Die unheimliche Metamorphose begann als normales Fieber, wie es oft über die Menschen kam und nach einigen Tagen wieder verschwand. Doch wenn das Fieber blieb und Juckreiz mit sich brachte, Brennen, Unruhe und wechselhafte Launen, dann wusste man, dass das Böse in diesen Körper gefahren war. Bald schon wurde der Kranke immer mehr zum Tier, er lief auf allen vieren, griff alles und jeden an und heulte wie seine neuen Brüder in den Wäldern.
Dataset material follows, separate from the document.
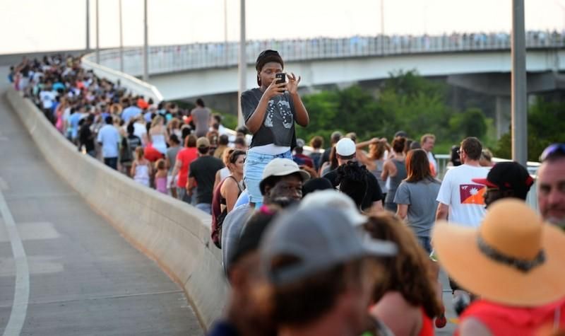 As many as twenty thousand people came together on a bridge in Charleston, South Carolina on Sunday evening, marching in the name of love and unity against the racist violence that took the lives of nine people last week in a historic black church.

Wer dem Schandfieber verfiel, so sagten die Leute, hatte einen Pakt mit dem Teufel geschlossen. Einen Pakt, der die Seele raubte und den Leib zur Bestie werden ließ.
Am Hof des Pfalzgrafen hielt man solche Geschichten für das Geplapper der Bauern, für Märchen, mit denen die einfachen Leute ihre Kinder erschreckten. Bis Konrad eines Tages mit fiebrigen Augen im Bett lag und das Feuer nicht aufhören wollte zu brennen. Die Verwandlung begann, schleichend erst, dann immer rascher. Der Medikus wusste bald schon keinen Rat mehr, der Pfarrer konnte trotz langer Nächte auf den Knien keine Besserung bewirken. Ganz im Gegenteil, Pfalzgraf Konrad verlor jeden Tag etwas von seiner menschlichen Seite und wurde immer mehr zum Tier. In ihrer Verzweiflung entschlossen sich seine Vertrauten, in Bingerbrück Rat zu suchen, bei einer Frau, deren medizinisches Wissen als einzigartig galt.
Die alte Nonne beobachtete Konrad, sah, wie sein Wesen zwischen Erschöpfung und Aggressivität pendelte, als würden eine menschliche und eine viehische Seite in ihm kämpfen. Schließlich gab sie seinen Begleitern mit einem Wink zu verstehen, dass sie ihn hereinbringen sollten.
Krumm wie ein knotiger Baum wandte sie sich um, winkte eine junge Nonne herbei und wisperte ihr etwas ins Ohr. Das Mädchen schlug die Augen nieder und deutete eine Verbeugung an. Während die Männer die Tür aufstießen und wilde Sturmböen den Regen hineinrissen, verschwand die kleine Gestalt in einem der Gänge.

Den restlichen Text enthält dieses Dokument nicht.